RECORDS FOR THIS EXERCISE:
::::

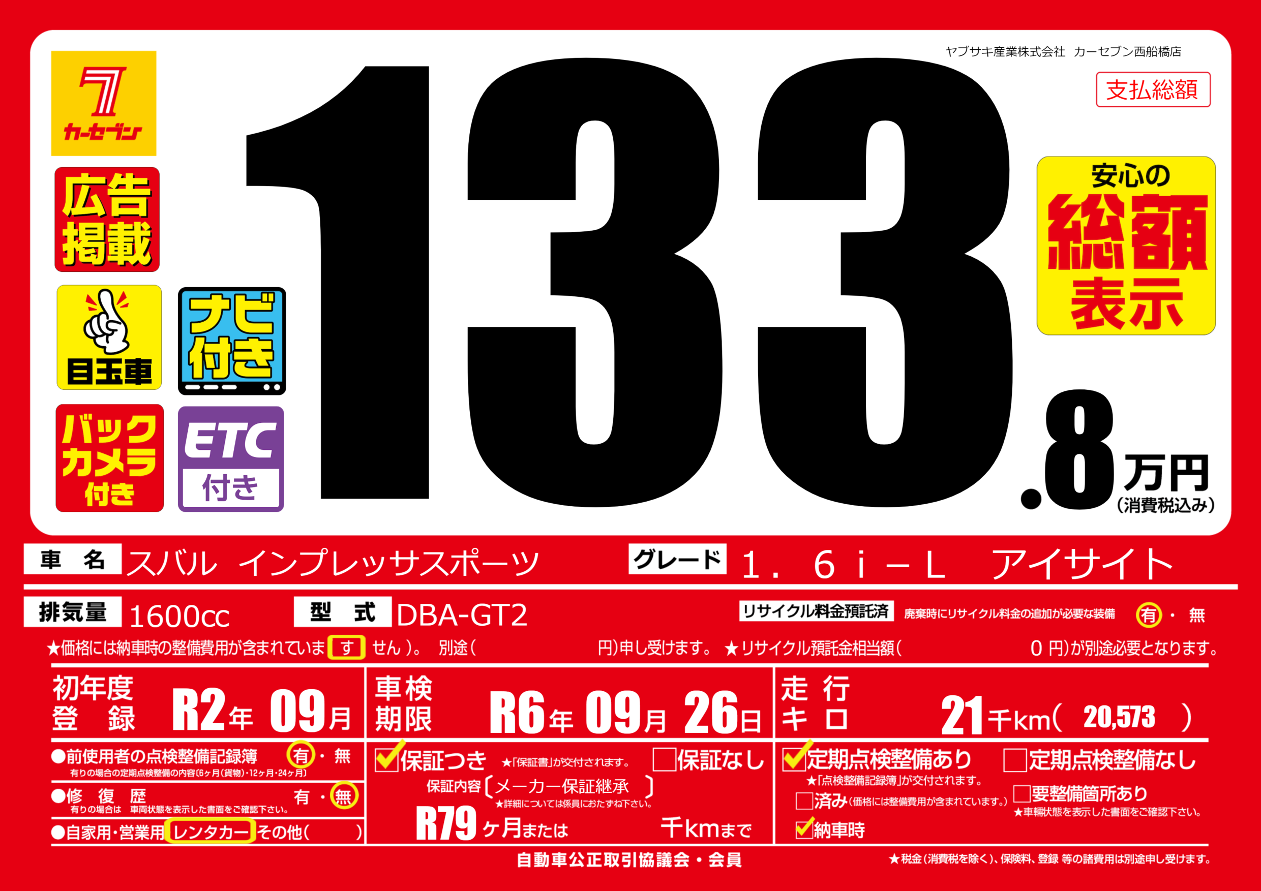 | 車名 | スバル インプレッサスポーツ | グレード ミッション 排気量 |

::::

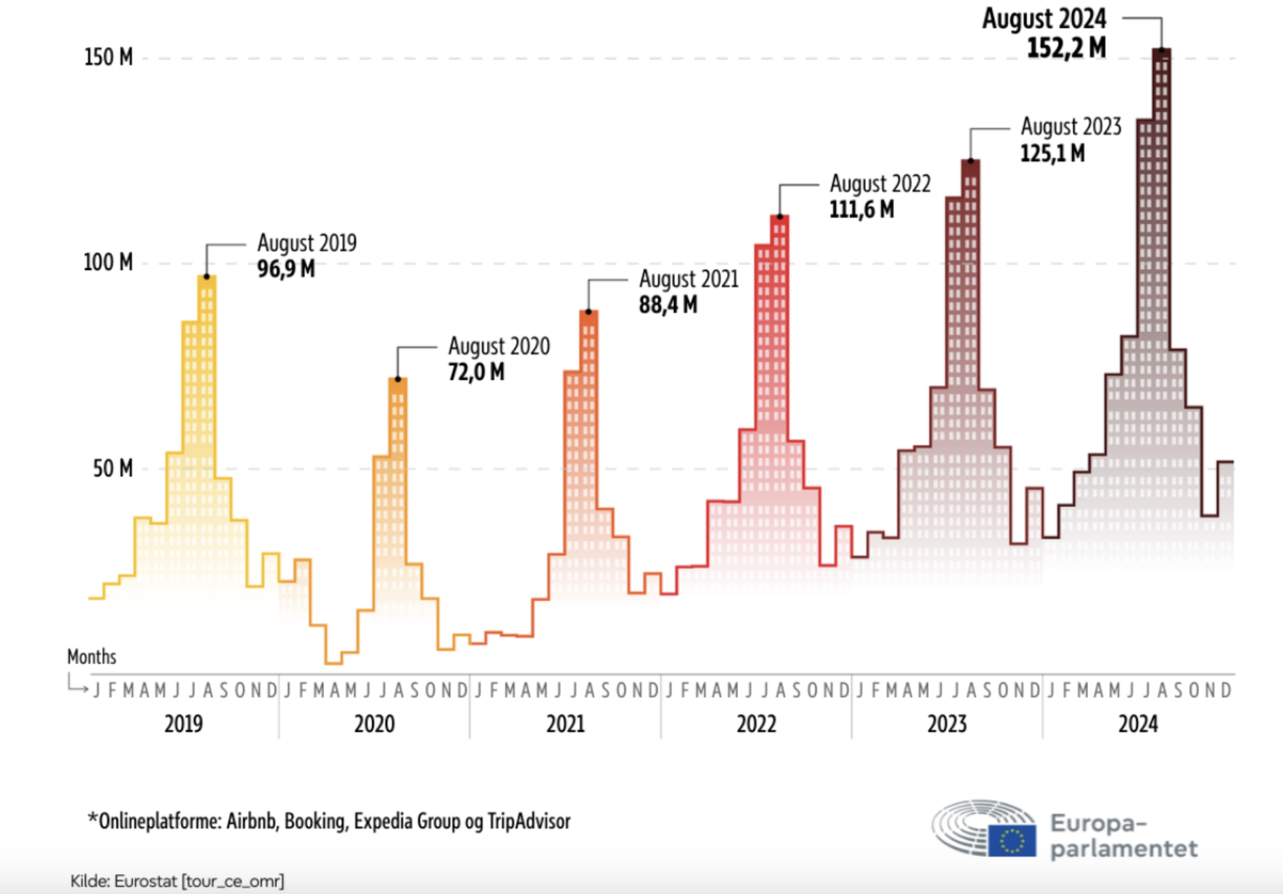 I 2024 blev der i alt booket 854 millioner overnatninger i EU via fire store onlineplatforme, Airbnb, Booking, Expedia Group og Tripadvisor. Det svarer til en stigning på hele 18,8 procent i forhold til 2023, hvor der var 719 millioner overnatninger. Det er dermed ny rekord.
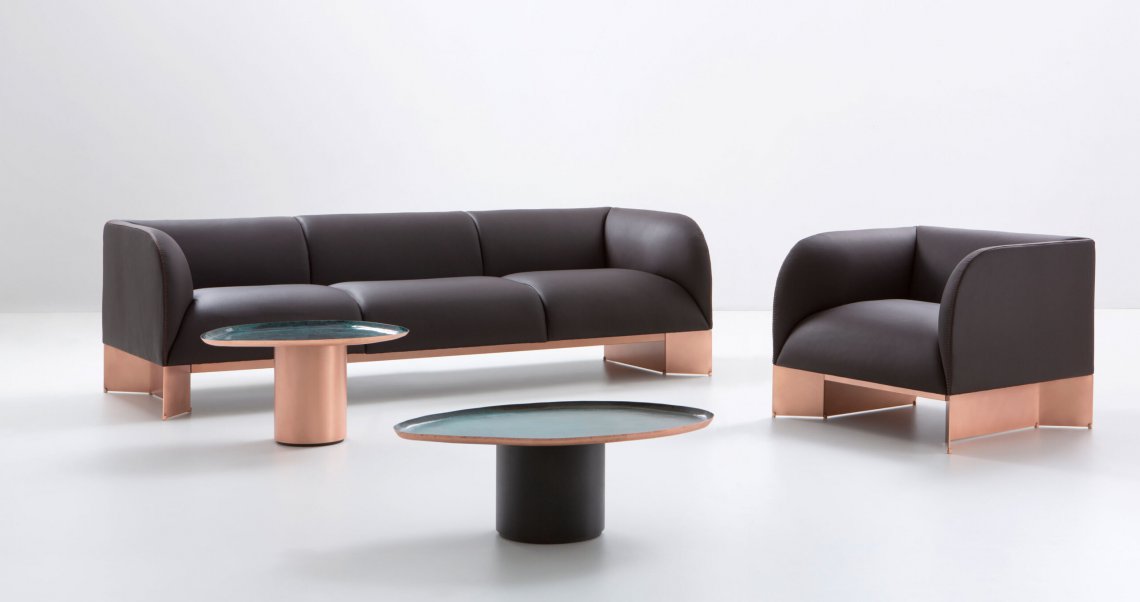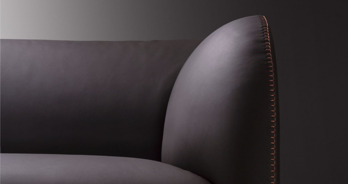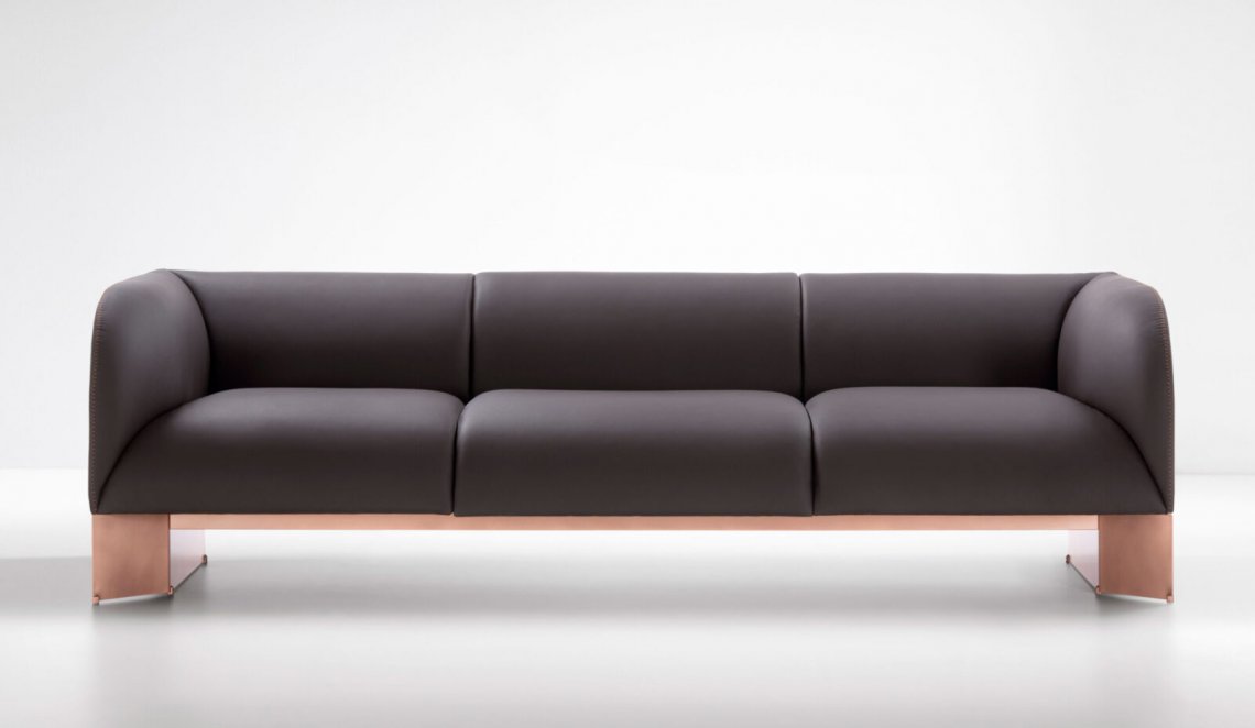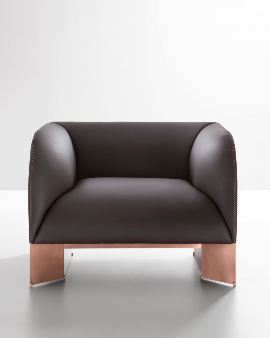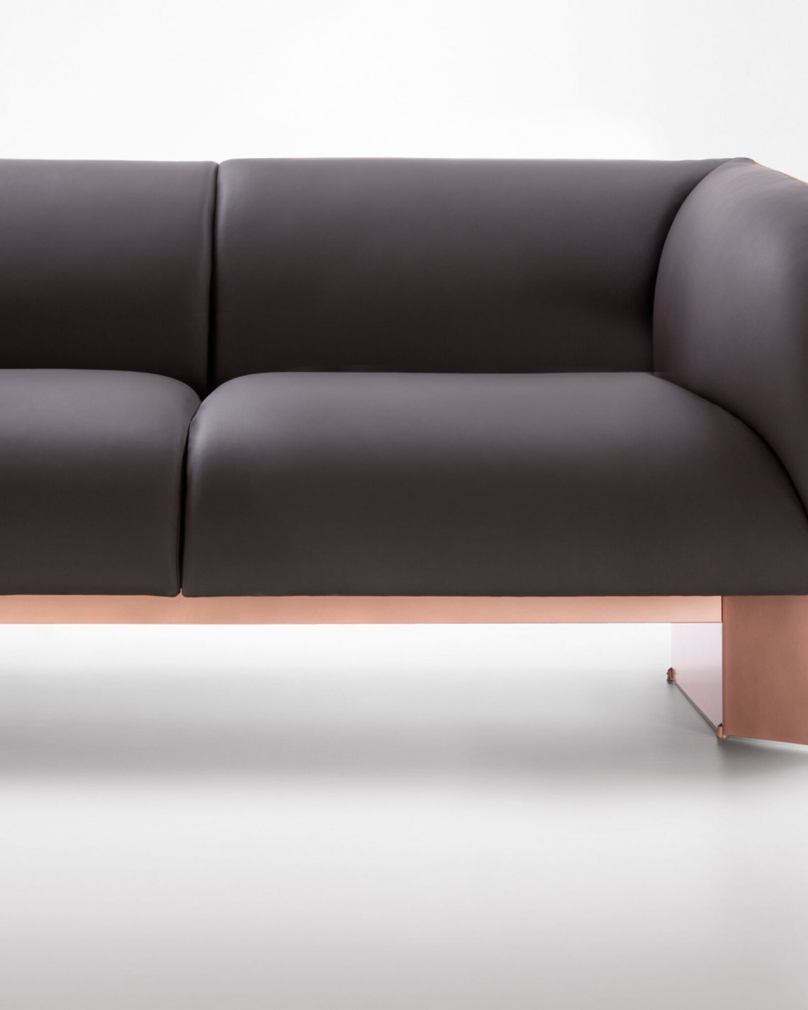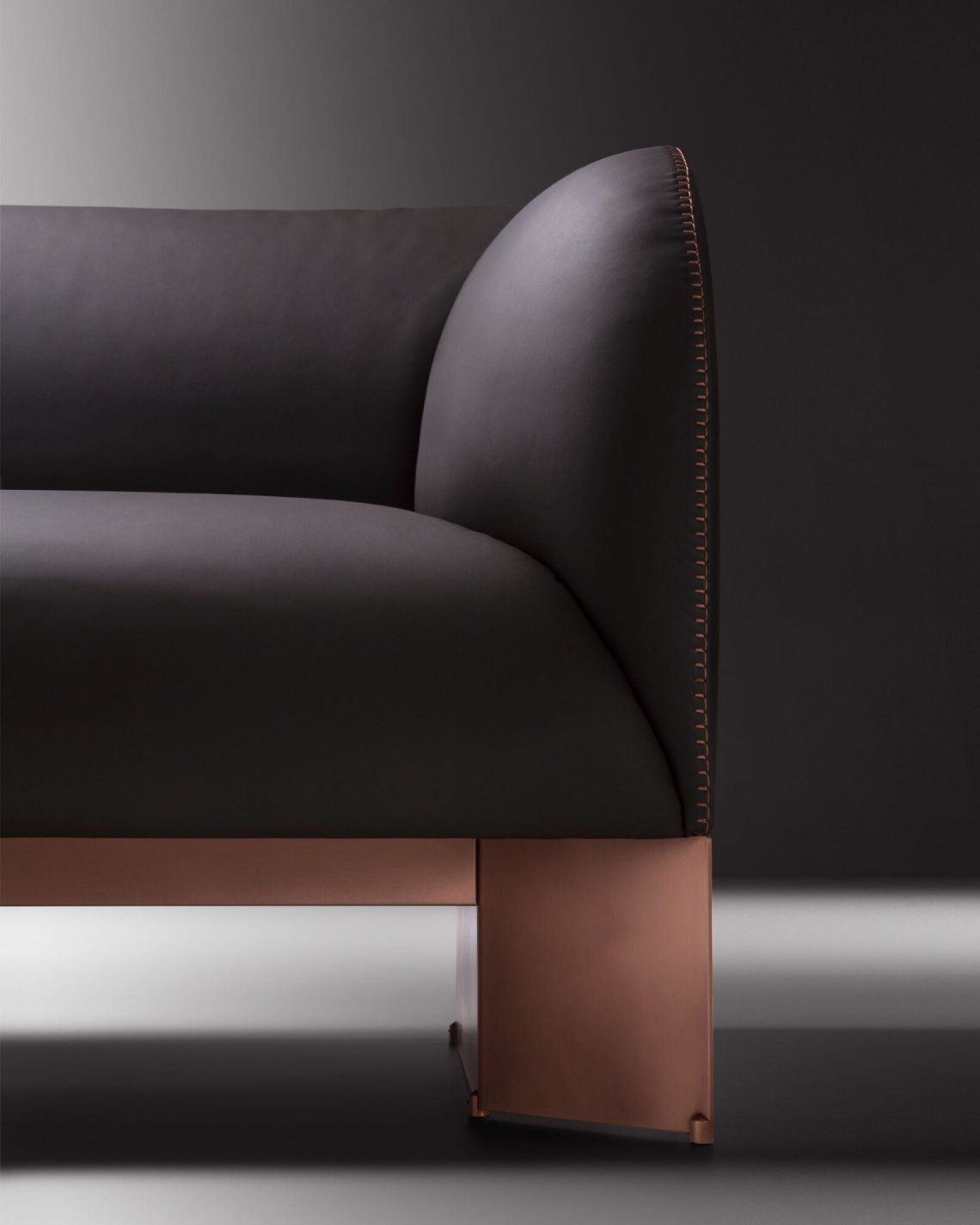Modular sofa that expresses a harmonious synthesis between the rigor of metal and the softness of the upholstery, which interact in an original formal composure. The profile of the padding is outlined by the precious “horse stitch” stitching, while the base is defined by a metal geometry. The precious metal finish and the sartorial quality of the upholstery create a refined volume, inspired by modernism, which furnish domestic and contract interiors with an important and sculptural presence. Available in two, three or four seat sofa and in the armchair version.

::::

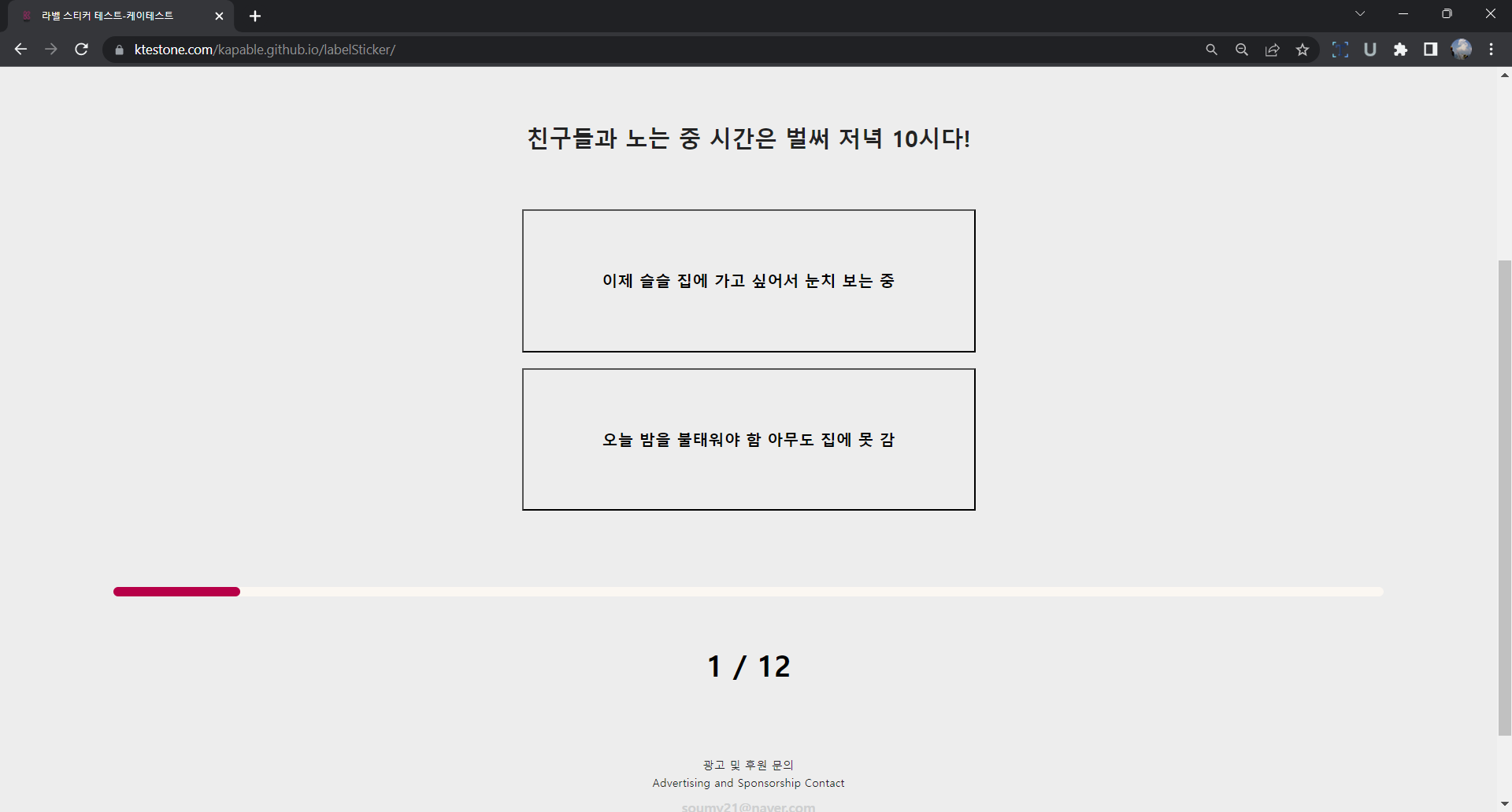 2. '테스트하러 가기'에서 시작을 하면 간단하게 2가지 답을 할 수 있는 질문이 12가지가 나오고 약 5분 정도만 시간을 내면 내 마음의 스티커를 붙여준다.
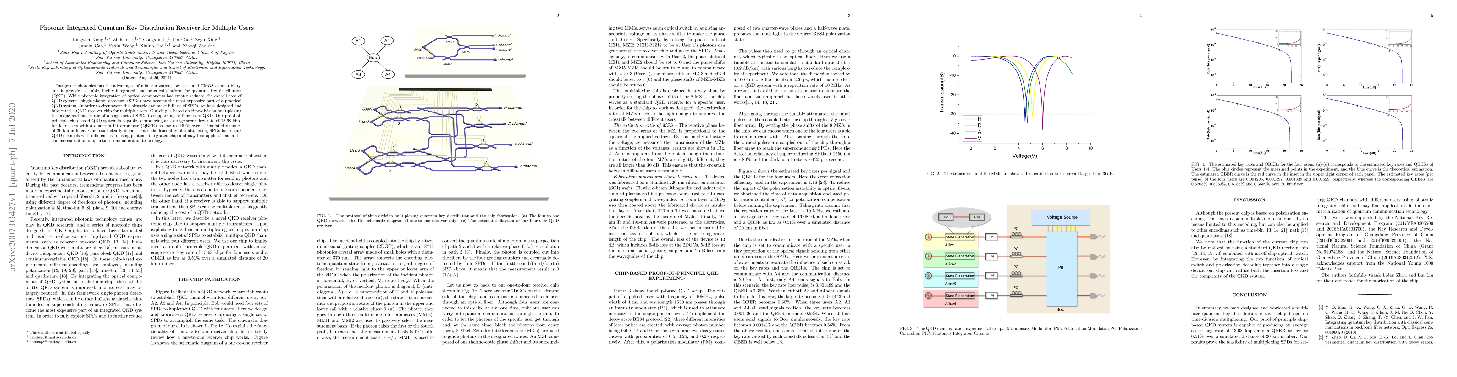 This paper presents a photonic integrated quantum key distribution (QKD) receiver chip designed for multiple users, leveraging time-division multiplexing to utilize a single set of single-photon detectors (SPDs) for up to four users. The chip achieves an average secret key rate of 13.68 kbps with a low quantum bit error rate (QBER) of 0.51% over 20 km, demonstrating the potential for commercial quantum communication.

::::

EXERCISE OBJECTIVE: The result should be an exact copy of only the lines above from the one that holds "I 2024 blev" through the one that holds "Modular sofa that", both ends included, without pictures.

TASK ANSWER:
 I 2024 blev der i alt booket 854 millioner overnatninger i EU via fire store onlineplatforme, Airbnb, Booking, Expedia Group og Tripadvisor. Det svarer til en stigning på hele 18,8 procent i forhold til 2023, hvor der var 719 millioner overnatninger. Det er dermed ny rekord.
Modular sofa that expresses a harmonious synthesis between the rigor of metal and the softness of the upholstery, which interact in an original formal composure. The profile of the padding is outlined by the precious “horse stitch” stitching, while the base is defined by a metal geometry. The precious metal finish and the sartorial quality of the upholstery create a refined volume, inspired by modernism, which furnish domestic and contract interiors with an important and sculptural presence. Available in two, three or four seat sofa and in the armchair version.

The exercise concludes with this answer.